News stories from Sunday September 14, 1975


Summaries of the stories the major media outlets considered to be of particular importance on this date:

  • The pro football game between the New York Jets and the New England Patriots, scheduled at the Yale Bowl in New Haven, was canceled when the Patriots maintained their earlier refusal to play. On Saturday they had voted 39 to 2 to strike in protest over the lack of a contract between the National Football League Players Association and the N.F.L. Management Council. [New York Times]
  • "The Night Watch," one of Rembrandt's most famous paintings, was slashed more than a dozen times in Amsterdam's Rijksmuseum by a man armed with a serrated bread knife. The knife marks were more than two feet long and a section of the painting about seven feet wide was severely damaged. The damage, however, was not irreparable, a museum official said. [New York Times]
  • In one of the most colorful ceremonies seen in Rome in years, Pope Paul VI, in a canonization mass today in St. Peter's Square, declared Mother Elizabeth Ann Bayley Seton a saint. She is the first American-born saint. About 100,000 persons attended the ceremony. Among them were some 16,000 Americans. [New York Times]
  • The Department of Defense said that the per-plane price of the controversial F-14 Tomcat fighter jet, which is being bought by both the United States Navy and Iran from the Grumman Aerospace Corporation, had increased by $2 million this year, bringing the total cost of each plane to at least $20 million. The Tomcat will be the most expensive fighter plane ever built. The rise in price comes at a time when there are increasing congressional objections to the plane. [New York Times]
  • The new Federal Election Commission has suddenly become the target of the Senators and Representatives who established it because of what some of them regard as overzealousness in monitoring the office funds of Congressmen. The five-month-old commission is facing its first test of power by tackling the touchy issue of a little-known congressional financial ploy formally known as "constituent service funds," which are more generally called "office slush funds." [New York Times]
  • Some of the nation's leading academic experts on big cities say that although New York City has temporarily weathered its financial crisis, its continuing survival depends on major changes in long-term relationships with the federal government. They believe that a takeover by Washington of the financing of the nation's costly welfare system and an altered form of revenue sharing is necessary to help large cities survive national economic recessions. [New York Times]
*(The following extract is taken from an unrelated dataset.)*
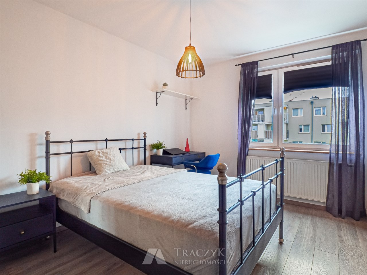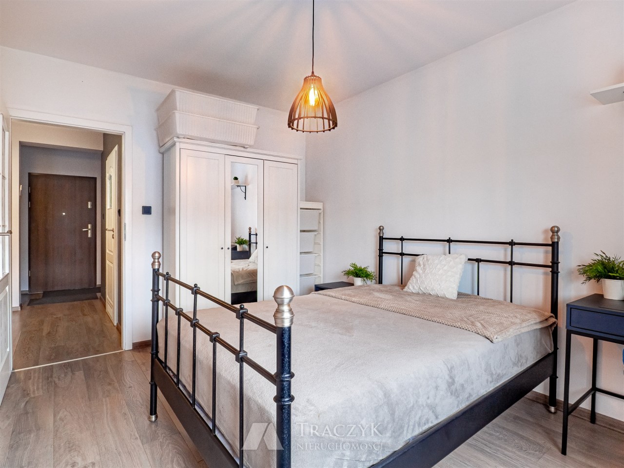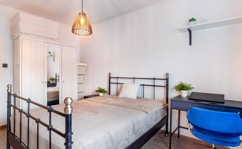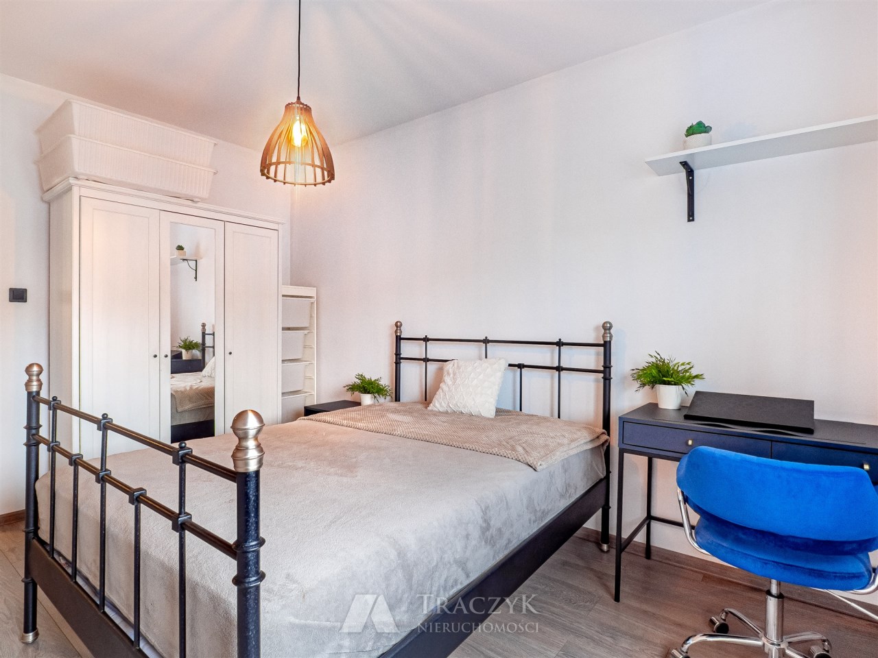 • sypialnia: duże łóżko z materacem, szafa z lustrem oraz biurko,

  • A quietly developed plan that would enable thousands of state-inspected slaughterhouses to begin shipping meat through interstate commerce has the approval of the Department of Agriculture, but is under attack by members of Congress, consumer groups and members of the meat packing industry. Its critics say that the plan is an attempt to circumvent the Wholesome Meat Act of 1967. An Agriculture Department official said the plan was an effort to block a trend toward federal takeovers of state meat-inspection systems, which, he said, has resulted from the 1967 law. [New York Times]
  • The General Assembly's special session on the plight of the third world moved toward a grim end, with United Nations delegates working through the night in search of a formula for narrowing the chasm between rich and poor countries. The chief United States delegate, Daniel Patrick Moynihan, said that some progress had been achieved during the evening and that negotiations would continue. [New York Times]
  • A contagion of political and communal violence has spread a mood of almost helpless foreboding in Lebanon. "We might just be watching the demise of a country as we know it." a Lebanese analyst of Middle East business affairs said. Tensions increased in Beirut, which has been struck by violence this spring and summer, when shooting and kidnapping broke out in skirmishes between Christians and Moslems. Four persons were reported killed. [New York Times]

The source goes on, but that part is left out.